All Products
Search
Document Center

E-MapReduce:Use UDFs

Last Updated:Mar 26, 2026

When Spark SQL's built-in functions don't cover your logic, create a user-defined function (UDF) and register it in Spark SQL. This topic walks you through registering and calling Python and Java/Scala UDFs, using prebuilt sample files so you can test end-to-end without writing code from scratch.

Supported versions

The following E-MapReduce (EMR) Serverless Spark runtime versions support the examples in this topic:

  • esr-5.x: esr-5.0.0 and later

  • esr-4.x: esr-4.6.0 and later

  • esr-3.x: esr-3.5.0 and later

  • esr-2.x: esr-2.9.0 and later

Prerequisites

Before you begin, ensure that you have:

Python UDF

This example uses a main function, my_adds.my_add, that imports two dependency packages — module1 and module2. module1 adds 0.5 to the input integer and module2 adds 0.3. The function combines both results and returns a floating-point number.
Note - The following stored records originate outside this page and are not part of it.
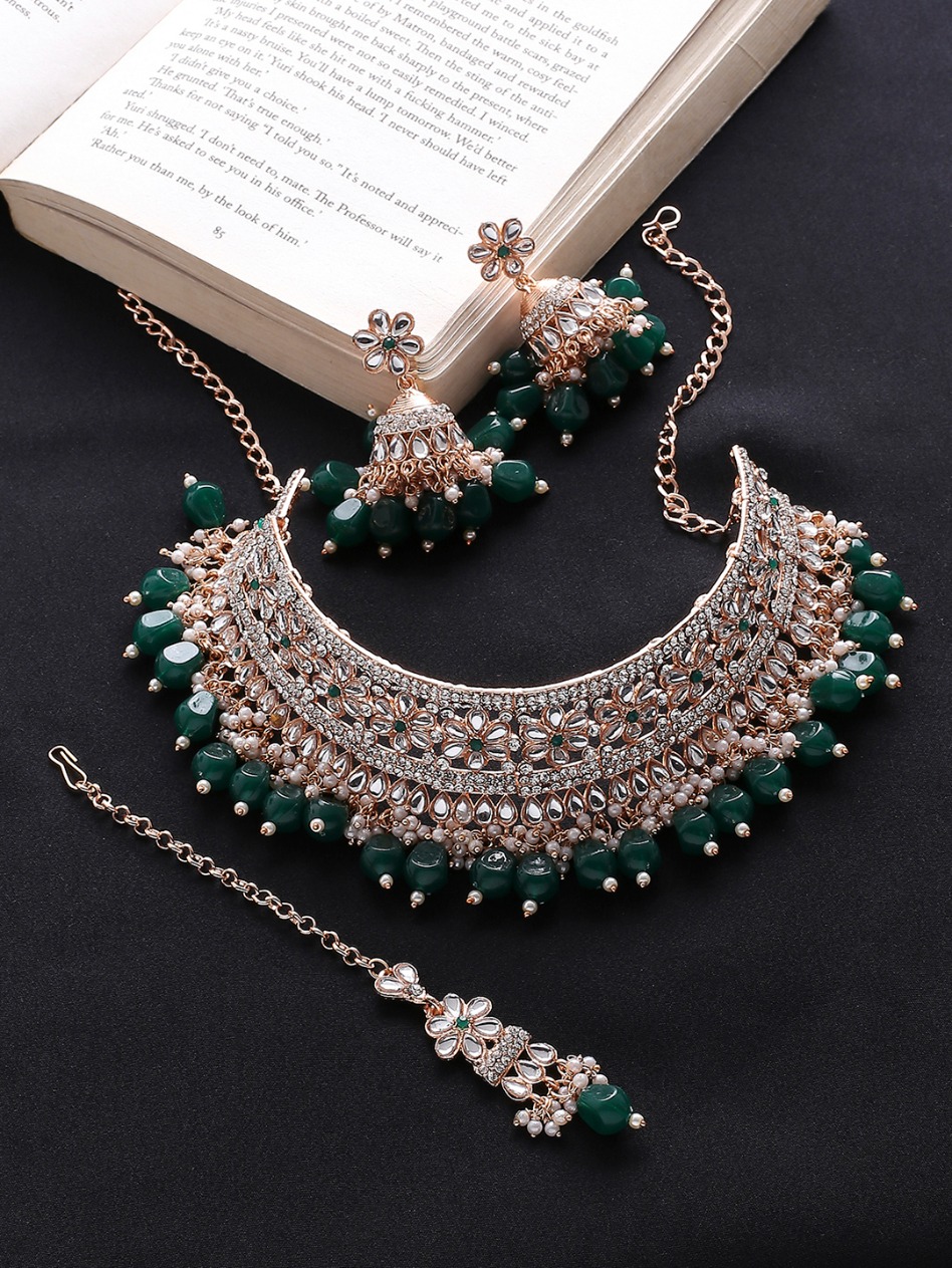 Product Details: 1 Necklace::1 Pair of Earring::1 Maang Tikka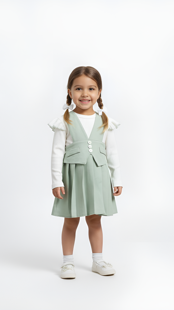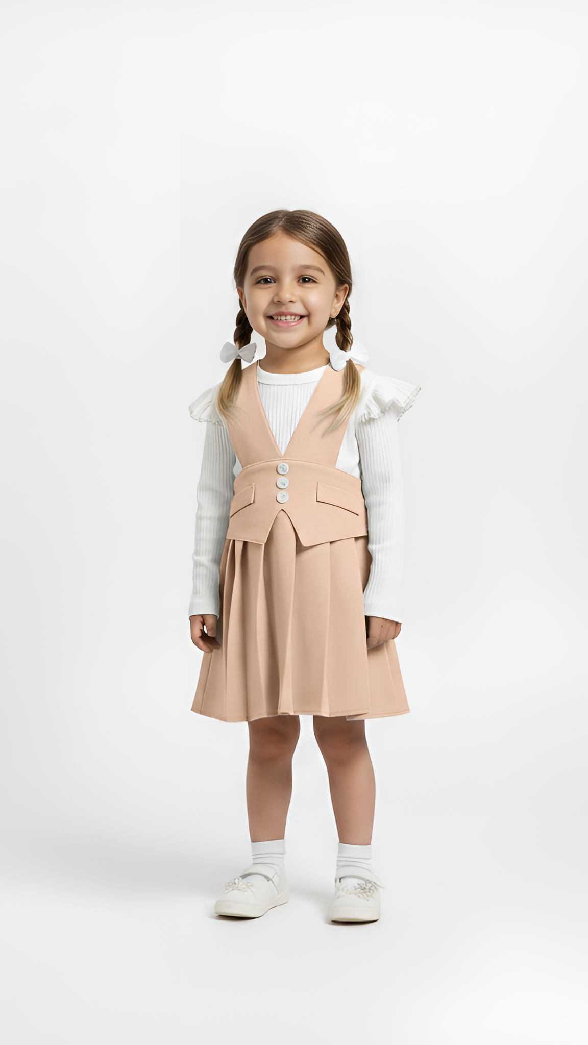 إطلالة مثالية لصغيرتك مع تصميم عصري ومريح، مناسب للنزهات والمناسبات اليومية. مصنوع من قماش ناعم لضمان الراحة والأناقة. 💖✨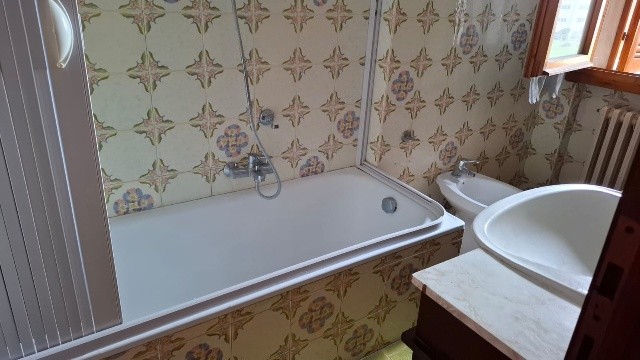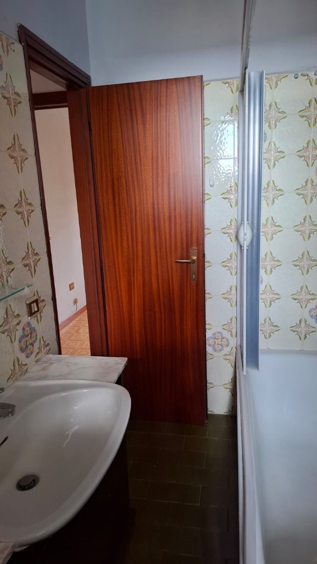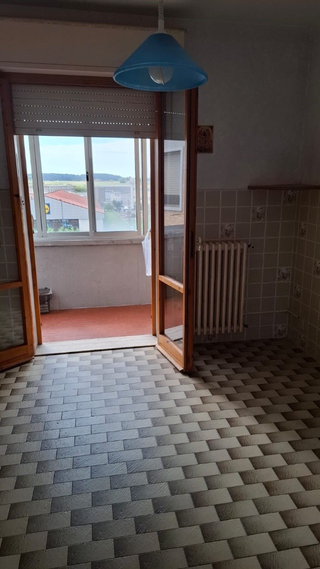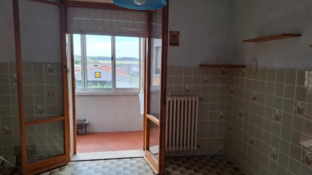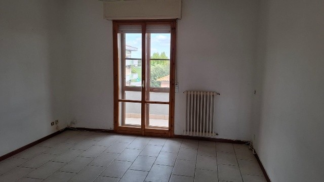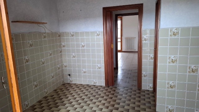 In paese vicino a tutti i servizi principali, appartamento al terzo piano molto luminoso, con doppio affaccio, composto da ingresso, sala con balcone, cucina abitabile con balcone verandato e ripostiglio-dispensa, ampia camera matrimoniale, bagno. Al piano terra garage, cortile interno con posto auto e giardino condominiale. Ampio parcheggio pubblico fronte casa. Classe G. Ipe 118,8.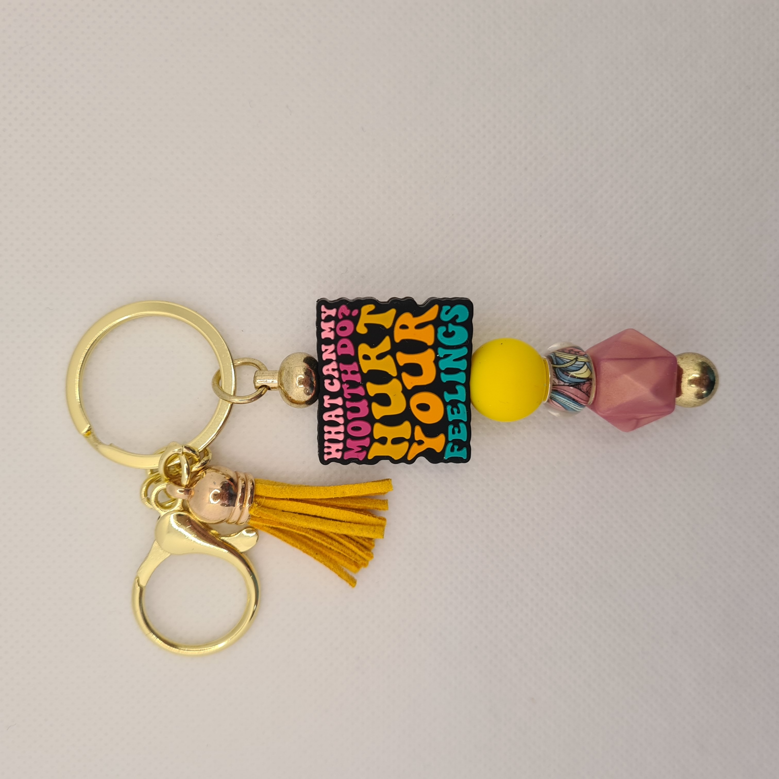 Bold, cheeky, and full of attitude, our What Can My Mouth Do? Silicone Bead Keychain is made for those who speak their mind. The standout focal bead features the playful phrase “What Can My Mouth Do? Hurt Your Feelings” — a sassy reminder of your unapologetic confidence. It’s paired with bright yellow and pink silicone beads for a fun pop of colour.

Step 1: Upload files to OSS

Download the three sample files and upload them to your OSS bucket.

  1. Download the example files:

    • module1.tgz: Adds 0.5 to an integer and returns a floating-point number.

    • module2.tgz: Adds 0.3 to an integer and returns a floating-point number.

    • my_adds.py: The main function file. Calls PythonUDF.your_add(a) and PythonUDF2.add2(a), adds the results, and returns the final value.

  2. Upload all three files to your OSS bucket. For more information, see Simple upload.

If your UDF references custom packages, extract them into the Spark Python environment via sys.path. The my_adds.py file demonstrates this pattern:
### my_adds.py content
import sys

def my_add(a: int) -> float:
    # Make sure the dependency path is added to sys.path
    if not sys.path.__contains__("./module1.tgz"):
        sys.path.insert(0, "./module1.tgz/")
        from module1 import PythonUDF
    if not sys.path.__contains__("./module2.tgz"):
        sys.path.insert(0, "./module2.tgz/")
        from module2 import PythonUDF2

    b = PythonUDF.your_add(a) + PythonUDF2.add2(a)
    return b

Step 2: Register the UDF

Register the function in Spark SQL using CREATE FUNCTION. Choose permanent registration for production environments or temporary registration for development and testing.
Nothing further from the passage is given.